I want to detect the outliers in a "time series data" which contains the trend and seasonality components. I want to leave out the peaks which are seasonal and only consider only the other peaks and label them as outliers. As I am new to time series analysis, Please assist me to approach this time series problem.

The coding platform is using is Python.

Attempt 1 : Using ARIMA model

I have trained my model and forecasted for the test data. Then being able to compute the difference between forecasted results with my actual values of test data then able to find out the outliers based on the variance observed.

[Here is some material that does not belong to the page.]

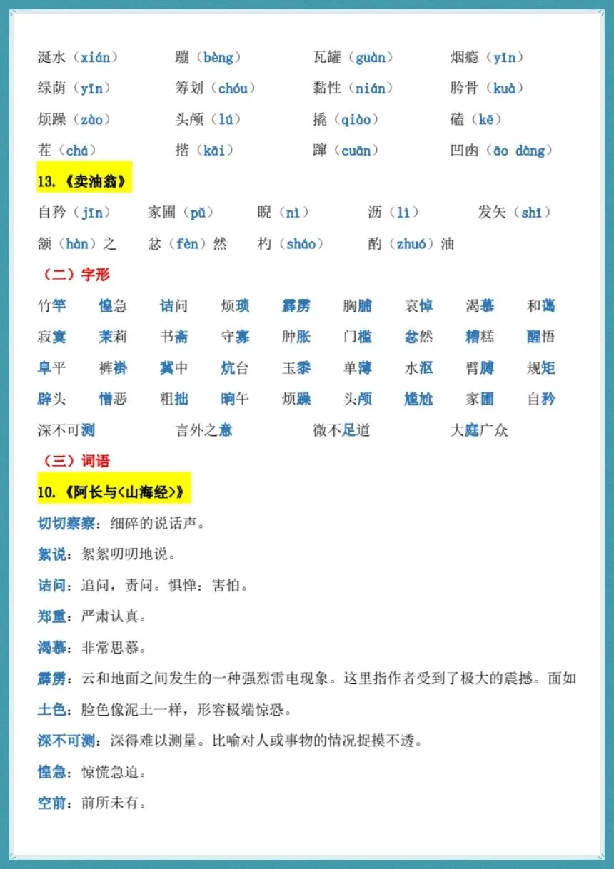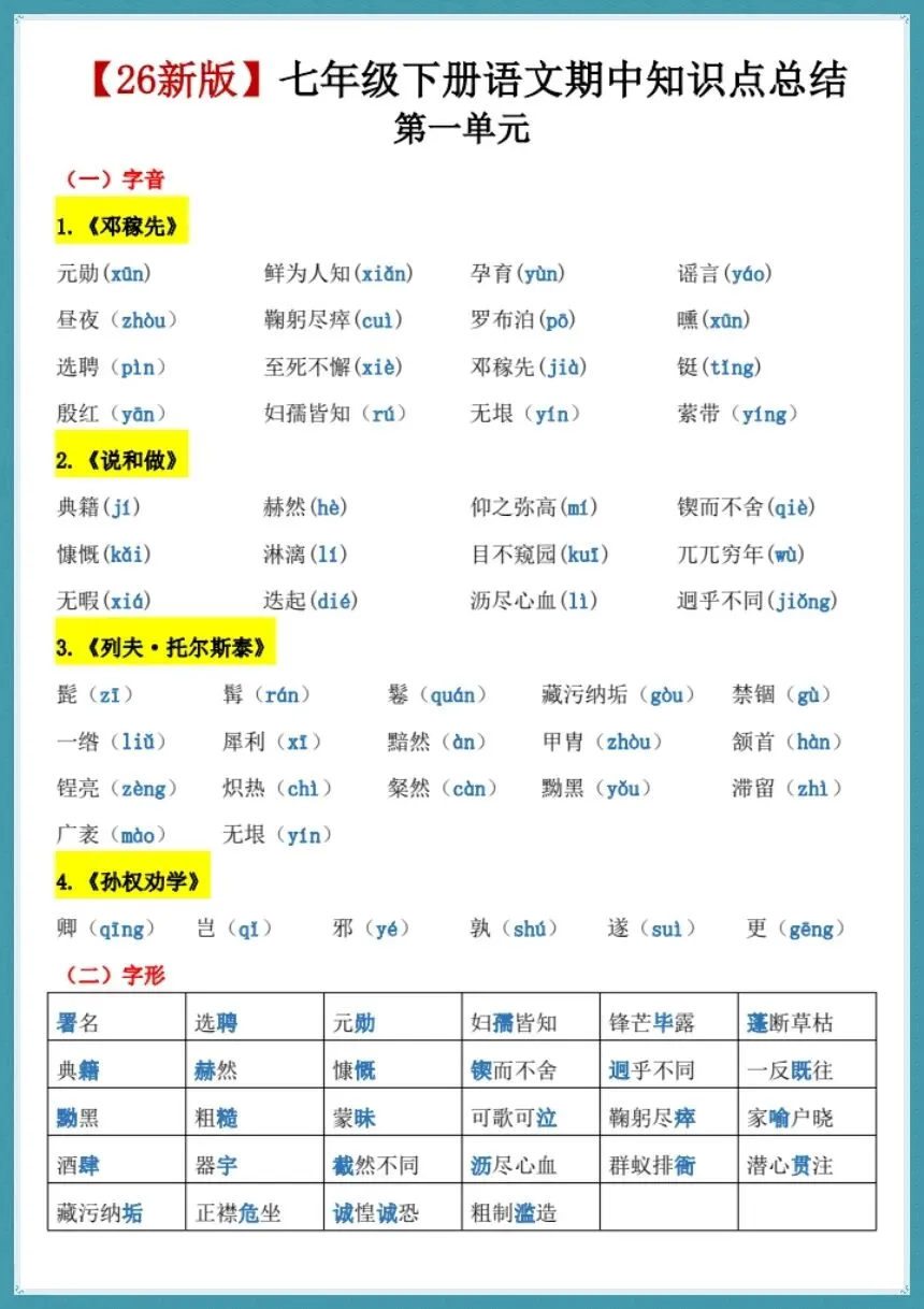 26新七下语文期中复习知识点总结【电子版可打印!】

Implementation of Auto Arima

!pip install pyramid-arima
from pyramid.arima import auto_arima
stepwise_model = auto_arima(train_log, start_p=1, start_q=1,max_p=3, max_q=3,m=7,start_P=0, seasonal=True,d=1, D=1, trace=True,error_action='ignore', suppress_warnings=True,stepwise=True)

import math
import statsmodels.api as sm
import statsmodels.tsa.api as smt
from sklearn.metrics import mean_squared_error

Split data into train and test-sets

train, test = actual_vals[0:-70], actual_vals[-70:]

Log Transformation

train_log, test_log = np.log10(train), np.log10(test)

Converting to list

history = [x for x in train_log]
predictions = list()
predict_log=list()

Fitting Stepwise ARIMA model

for t in range(len(test_log)):
stepwise_model.fit(history)
    output = stepwise_model.predict(n_periods=1)
    predict_log.append(output[0])
    yhat = 10**output[0]
    predictions.append(yhat)
    obs = test_log[t]
    history.append(obs)

Plotting

figsize=(12, 7)
plt.figure(figsize=figsize)
pyplot.plot(test,label='Actuals')
pyplot.plot(predictions, color='red',label='Predicted')
pyplot.legend(loc='upper right')
pyplot.show()

But I can detect the outliers only in test data. Actually, I have to detect the outliers for the whole time series data including the train data I am having.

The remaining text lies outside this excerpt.